I think these are good ideas but since everyone’s growing environment is different the only way to really tell what grows well in your location, next to each other or apart, and how far apart if not compatible, is trial and error, guided by advice such as this article. I have tomatoes and eggplant growing next to each other, the eggplants are doing fine but the tomatoes are not doing nearly as well as I grew in previous years when I did not grow eggplants. Is there a compatibility problem? Or is it something else like the tomatoes are in an entirely different location than in previous years, but still in full sun? or is it weather? my watering routine? I’m still on my never ending gardening learning curve, I’m slowly getting better, but I definitely still have lots more to learn, and really appreciate all the positive advice presented, both articles and comments..
I discovered the Moringa “trees” I’m growing in containers and are currently flowering attract humming birds, which is another bonus for planting a few Moringa – and you can eat the leaves (very healthy).
Does anyone know of any companion / keep them separated type articles or websites for fruit trees? I have lemons, apples, oranges, and an avocado in containers all mixed in with my vegetables, and I have no idea if they grow better with other plants or should be kept separate. I also have two grapes in containers and have four containers with potatoes next to them -, the grapes are doing great but the potatoes are finicky, but I don’t know if it’s because of being next to the grapes. I also have one blackberry and one raspberry in containers and have no idea of companion placement for them either.

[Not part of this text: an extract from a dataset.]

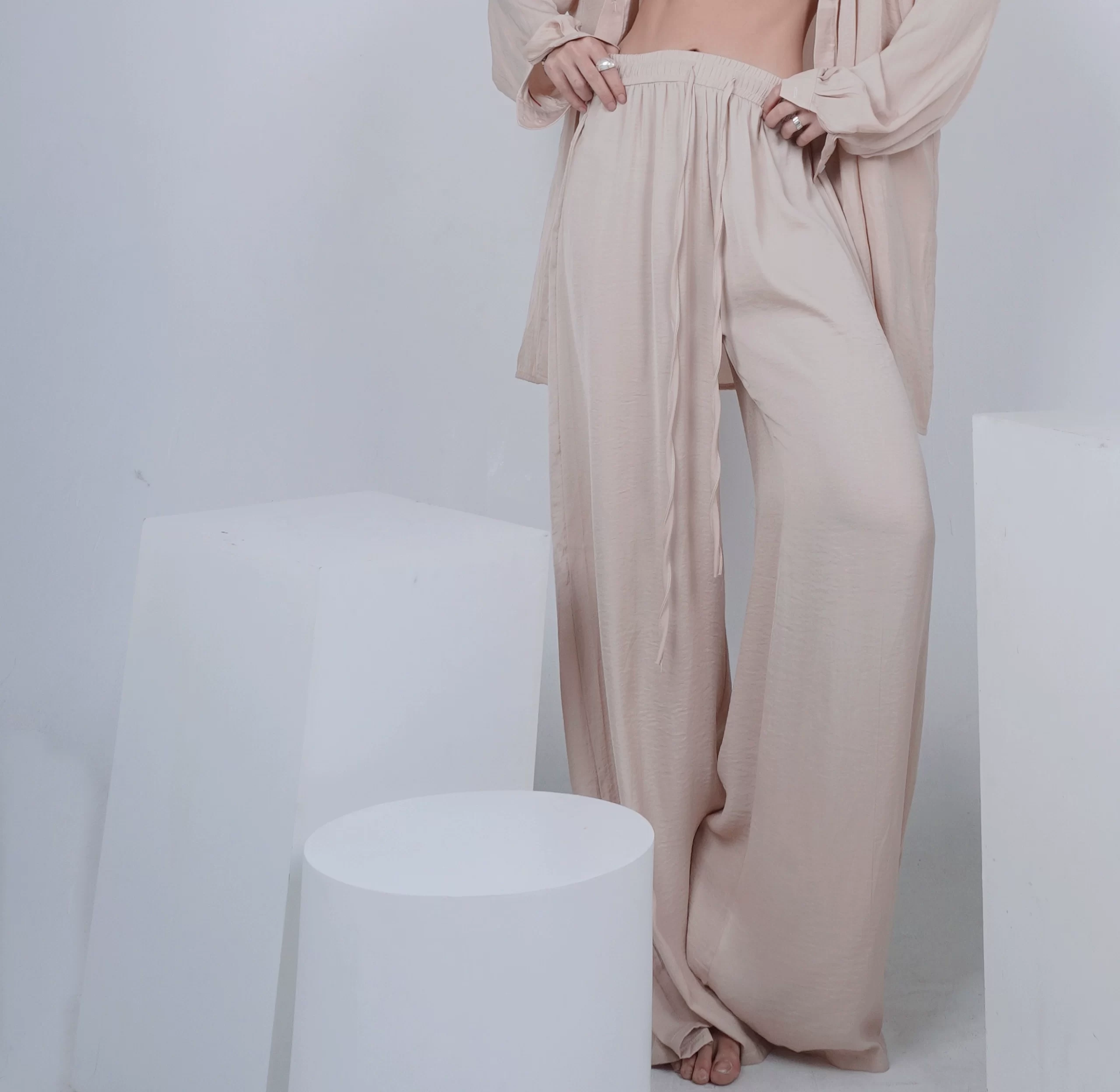 Black high waist droop casual drawstring ice silk sunscreen pants

If you are setting up an orchard I found out that you should not plant Cherry trees anywhere near Bartlet Pear trees. I have a very large Cherry tree about 100ft from where I planted two new Pear trees. A red Bartlet and and Dianjou Bartlet. The first year the young pear trees were fine. But after about two months into the second growing season, the leaves on the pear trees started turning dark brown then black. The trees died within two weeks. I checked with a local nursery and they asked if I had any Cherry trees close by. They shed pollen that affect the Bartlet pears. I have two varieties of Asian Pear trees and they do just fine. In fact I get up to 125#s of pears off of the three dwarf trees. I will need to plant Bartlets on the other side of my property or abandon the idea of having Bartlet pears.
You have to plant 2 apples trees next to each other and same thing with all other fruit trees, you can’t just have one of each fruit trees, they don’t grow healthy and fruitful that way.
You can grow two cherries ? trees far away from all other fruit trees. Just spaces out your marigolds about 20 inches apart from your vegetable!!
Vae, I have one Improved Myers Lemon that flowers and fruits three, sometimes four times a year, with no other lemon trees nearby so I think it self pollinates. This little tree, more like a bush really, produces so many lemons I tell all my neighbors to take as many as they want, and I still have to take most to work to give away, otherwise they eventually over-ripen and fall off.
https://selfsufficientprojects.com/vegetables-you-can-re-grow-from-scraps/?utm_source=SSP&utm_medium=newsletter
Cannot remember where I read this or heard this, but it works so great! I think it was in a specialist’s gardening book… Plant zinnias nearby your squash plants, and the squash vine borer will not attack your squash plants. We have done this for 4 years now, and the squash vine borer devils have left my plants completely ALONE! THANK YOU, GOD!! Used to decimate my crops on a regular basis…
We also have wonderful results with the Cracker Jack African Marigolds that grow like a small shrub with gorgeous flowers nearly the size of a baseball!! WHAT A PRETTY QUILT these tucked in flowers provide, plus all the protection for our veggies!!